Зарабатывали мы хорошо, и скоро смогли снять квартиру. Маша, как я обнаружил, заговорила на турецком, и даже я начал понимать отдельные слова. Я купил турецкую симку, русскую отключил и почту больше не проверял.
Недалеко от нашего поселка были высокие цветные скалы, на которых постоянно тренировались скалолазы. И мы с Машей решили освоить новое занятие и начали лазить по скалам.
Маша лазила великолепно – буквально распластывалась по скале и цепляясь за малюсенькие трещинки мгновенно взбиралась вверх. Я еле успевал отпускать страховочную веревку.
Я лазил намного хуже.
– Я думаю, ты не русалка, а ящерица, – сказал я ей.
– Я – дракон, – сказала Маша, – это такой вид ящериц
– И ты меня уже съела, – продолжил я.
– Да, – сказала Маша, – И скоро выплюну.
Через пару дней мы опять тренировались на скале. Выбрали сложный маршрут, Маша взлетела вверх, спустилась, прицепила меня к веревке, и я медленно полез. Я чувствовал силу в пальцах и мне казалось, что я лезу не так плохо, как обычно, и гордился собой. Когда я был довольно высоко, к Маше подошла высокая очень красивая южная женщина. Вначале я подумал, что она турчанка, но она заговорила по-русски.
– Хорошо лезет, – сказала женщина, показывая на меня.

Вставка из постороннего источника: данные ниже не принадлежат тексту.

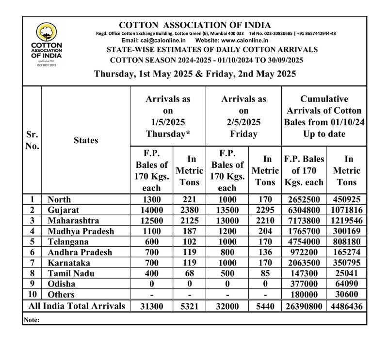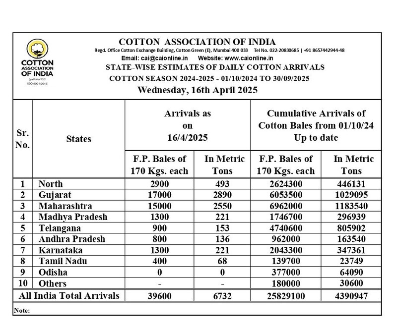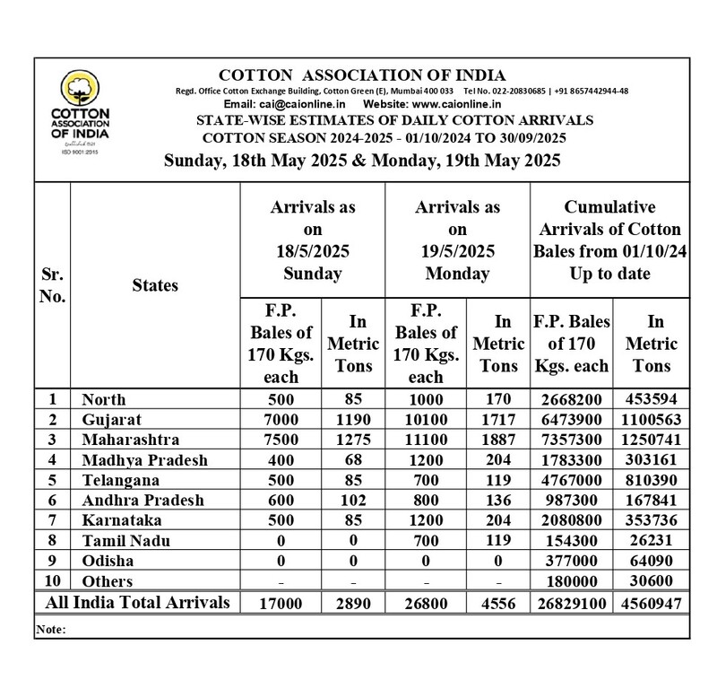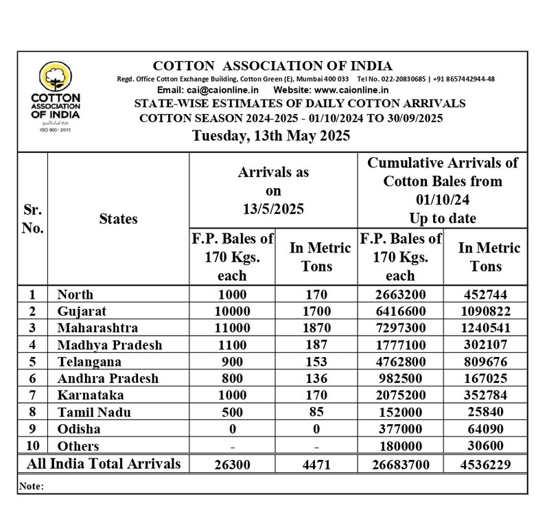 | COTTON ASSOCIATON OF INDIA | |||||||

Сверху мне было все прекрасно слышно.
– Да, – сказала Маша – он вообще хороший. Хочешь его взять?
– Хочу, – сказала женщина, – он мне нравится.
Я хотел закричать, убежать – а почему не спрашивают меня??? Но я висел наверху, держался на маленькой зацепке и даже, если бы я попробовал спрыгнуть, я бы просто повис, раскачиваясь на веревке. Я молчал.

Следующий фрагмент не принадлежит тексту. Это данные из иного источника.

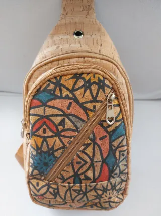 Borsello monospalla realizzato in sughero con una fantasia geometrica colorata. Fatto a mano. - Materiale: sughero. - Design: fantasia geometrica. - Chiusura con zip.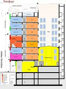 Like most businesses in Cuba in the 1960s, the Hotel Saratoga was confiscated by the revolutionary government.[3][lower-alpha 1][8] Until then, the building had maintained its vitality. After the takeover by the revolutionary government, it became a tenement building with multiple subdivisions until it was vacated due to its poor condition.[3][lower-alpha 2] In 1996, the property was transferred to Hotel Saratoga S.A., a Cuban joint-venture company owned jointly by Habaguanex S.A., the commercial arm of the City Historian's Office, and an international consortium of investors. The original building was gutted, and only the street façades on Paseo del Prado and Dragones remained. A new building was constructed behind the original façades, including a two-level basement, a mezzanine level, and additional floors. It was reopened in 2005 as a five-star hotel with 96 rooms, three bars, two restaurants, a roof-top swimming pool, and a business center. Its architecture recalled the colonial era and had an eclectic character with a large number of elements of interest such as French carpentry, ceramics, and Cuban marble.[3] The two original facades were destroyed by the explosion.

Маша отцепила от себя карабин, с помощью которого была закреплена моя страховочная веревка, и закрепила его за ремень женщины.

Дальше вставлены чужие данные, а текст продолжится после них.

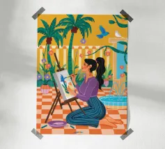 Artist at work painting a vibrant canvas featuring a flower and abstract shapes, surrounded by brushes, colors, and inspiration.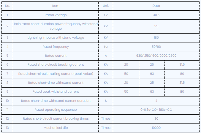 전압 등급 :40.5kV (95kV 번개 임펄스를 견딜 수 있습니다).

Затем Маша, даже не взглянув наверх и ничего не сказав, ушла, только мелькнул рыжий лисий хвост.
Я весь дрожа медленно спускался. В последний момент я сорвался, и повис на веревке, которую крепко держала женщина.
Она спустила меня, стряхнула с меня пыль, отцепила веревку и взяла меня за руку. Смотрела она на меня своими черными веселыми глазами.
– Как тебя зовут? – спросила женщина.
– А как звали твоего первого мужчину? – спросил я
– Педро, он был португалец
– И меня зовут Педро, – сказал я и, предвосхищая вопросы, добавил, – это случайное совпадение.
– Где ты живешь? – спросила женщина
– Теперь у тебя
Женщина улыбнулась, очень крепко сжала мою руку и повела меня к себе домой.
…моим сыновьям,
которые разыгрывают другие сюжеты.
УЙТИ НЕЛЬЗЯ ОСТАТЬСЯ
Эту историю я вспомнил, когда мы с семьей были в горах, катались на горных лыжах, а по вечерам вели философские беседы. Мы снимали шале у горы. Утром выползали в огромных ботинках из дома и ковыляли к подъемнику. Старшие сыновья шли лихачить на черные трассы, младшего сына и внучку мы отводили в лыжную школу на занятия, а все остальные – жена, дочка, сестра, друзья и подруги – расползались по склону, чтобы кататься в соответствии со своим уровнем и пристрастиями. Вечером, усталые, собирались на кухне: женщины готовили ужин, дети играли рядом на полу, а старший сын вовлекал нас в приятные интеллектуальные разговоры.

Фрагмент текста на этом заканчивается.